Pell asserts that her affiliation with Team Health has not affected the way she practices medicine, but it does affect her financial status. "It changed my pension plan and benefits, but in the long run it will be better. I feel like a third party has entered into my relationship with patients now. But if there are problems with billing, I don't hear about it."
The Heart Institute in St. Petersburg, FL, is near Dr. Pell's practice geographically, but it's 180 degrees away in terms of its position on PPMCs. T.J. Borschel, the cardiology practice's administrator, refused to sign a deal that would have lead to an affiliation with Nashville, TN-based PhyCor Inc., one of the nation's leading PPMCs. The practice formerly was involved in a general partnership with a local multispecialty group, which was approached by PhyCor in February 1997.

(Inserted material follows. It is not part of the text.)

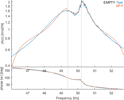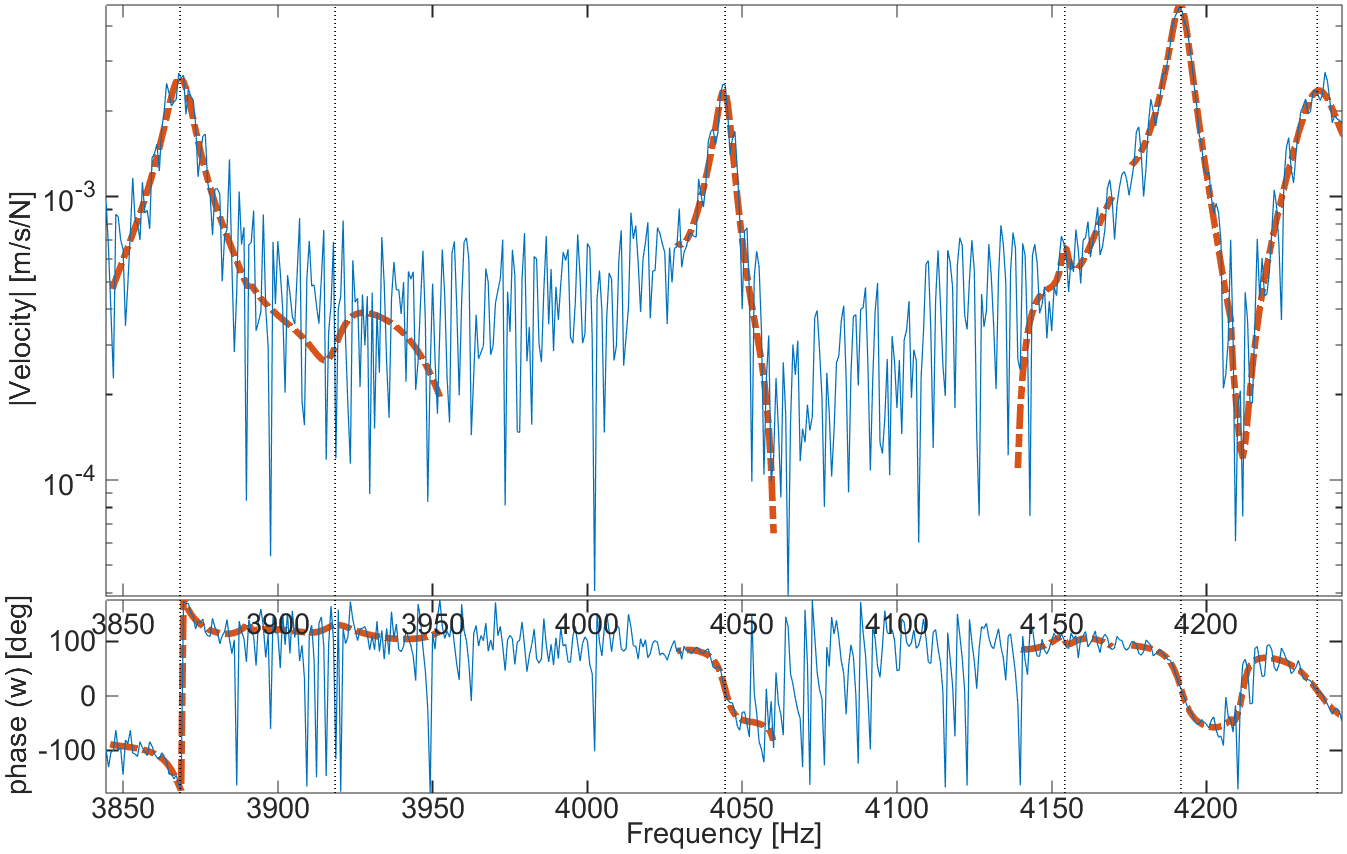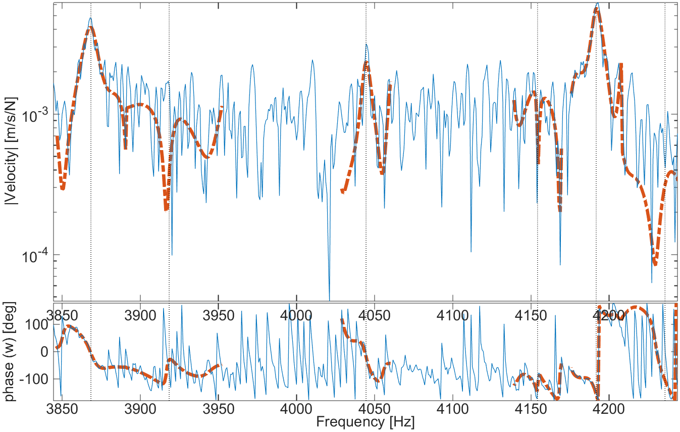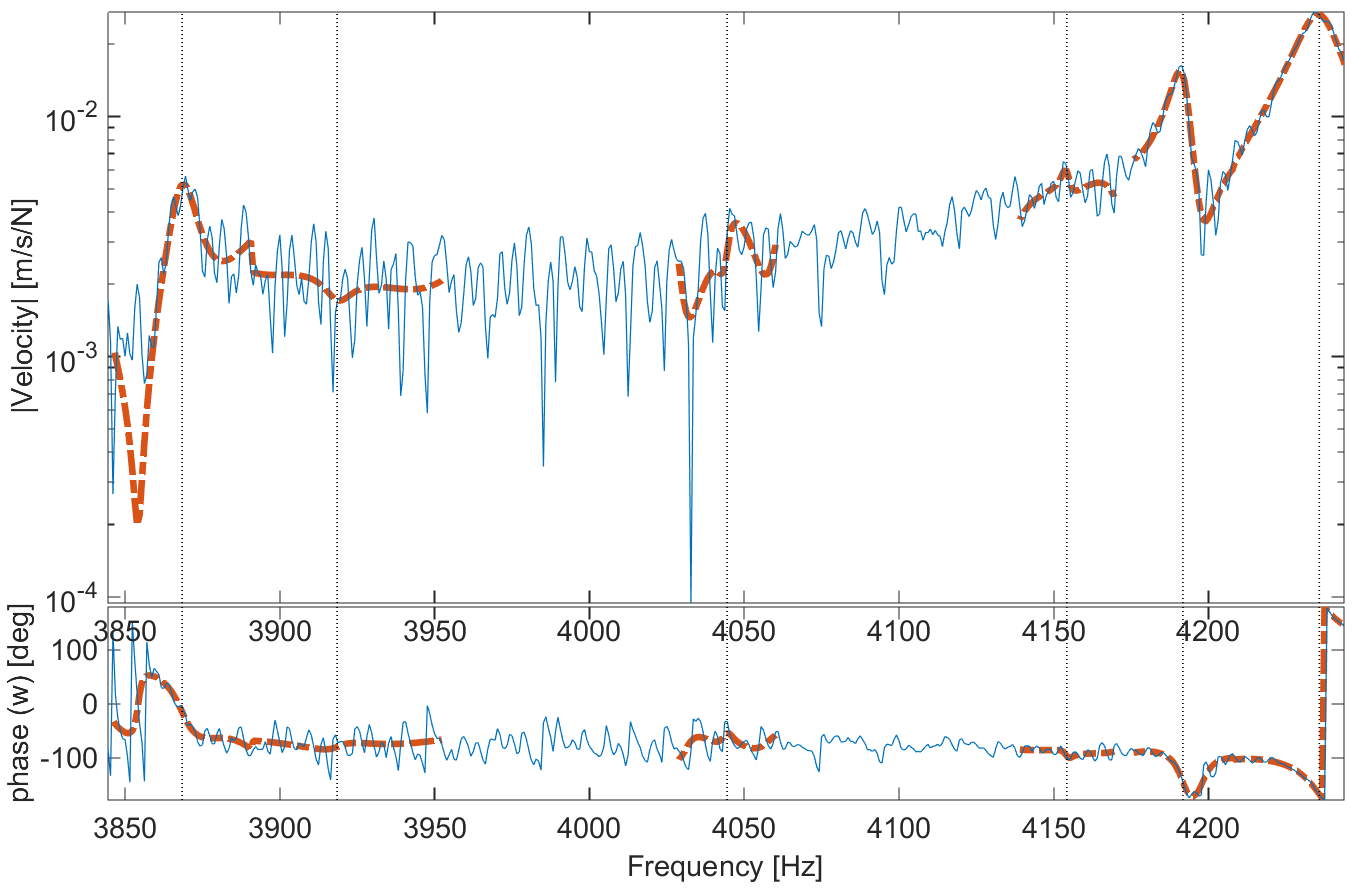 Keeping out of band modes when doing narrow band pole updates is thus quite important. You may also consider identifying groups of modes by doing sequential identifications for segments of your test frequency band [18].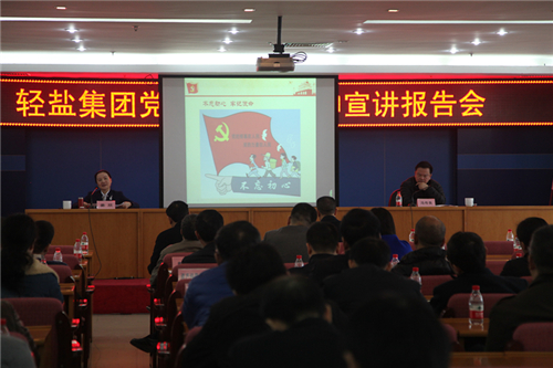 为认真学习贯彻党的十九大精神,切实把全体干部职工思想统一到党的十九大精神上来。11月28日上午,湖南省轻工盐业集团有限公司在集团公司九楼会议室举行了党的十九大精神宣讲会。党的十九大代表、省妇联党组书记、主席姜欣以《深入贯彻学习党的十九大精神》为主题做了报告宣讲,集团公司党委书记、董事长冯传良主持宣讲会。集团(股份)公司高管领导、在长单位班子成员及总部全体党员和其他单位党员共120人参加此次会议。 会上,姜欣指出,党的十九大是在全面建成小康社会决胜阶段、中国特色社会主义进入新时代的关键时期召开的一次十分重要的大会,是在新的历史起点上开启党和国家事业新征程的一次大会,是一次不忘初心、牢记使命、高举旗帜、团结奋进的大会,在党和国家发展史上具有重大里程碑式意义。

The practice's leadership decision not to affiliate, Borschel says, was philosophical as well as financial. "Our doctors did not believe Wall Street medicine was the way to go. We felt the ability to control costs delivered by medicine should be done by physicians, not by Wall Street profiteers," he says. "We were doing everything to reduce our overhead, and then to have them add on 10% to 15% [in management fees] would decrease our revenue."
Borschel knows the practice needs some sort of affiliated partner, however. It currently is in discussions to partner with about two dozen other cardiology groups in Florida in order to pursue global risk "carve-out" contracts for congestive heart failure and other diseases. Eventually, that may lead to affiliating with even more groups to develop a regional cardiology presence, Borschel says.
[Editor's note: How has your practice handled the decision of whether or not to affiliate with a physician practice management company? Contact Francine Wilson at [email protected] or (404) 262-5416. We hope to publish reader comments in a future issue.]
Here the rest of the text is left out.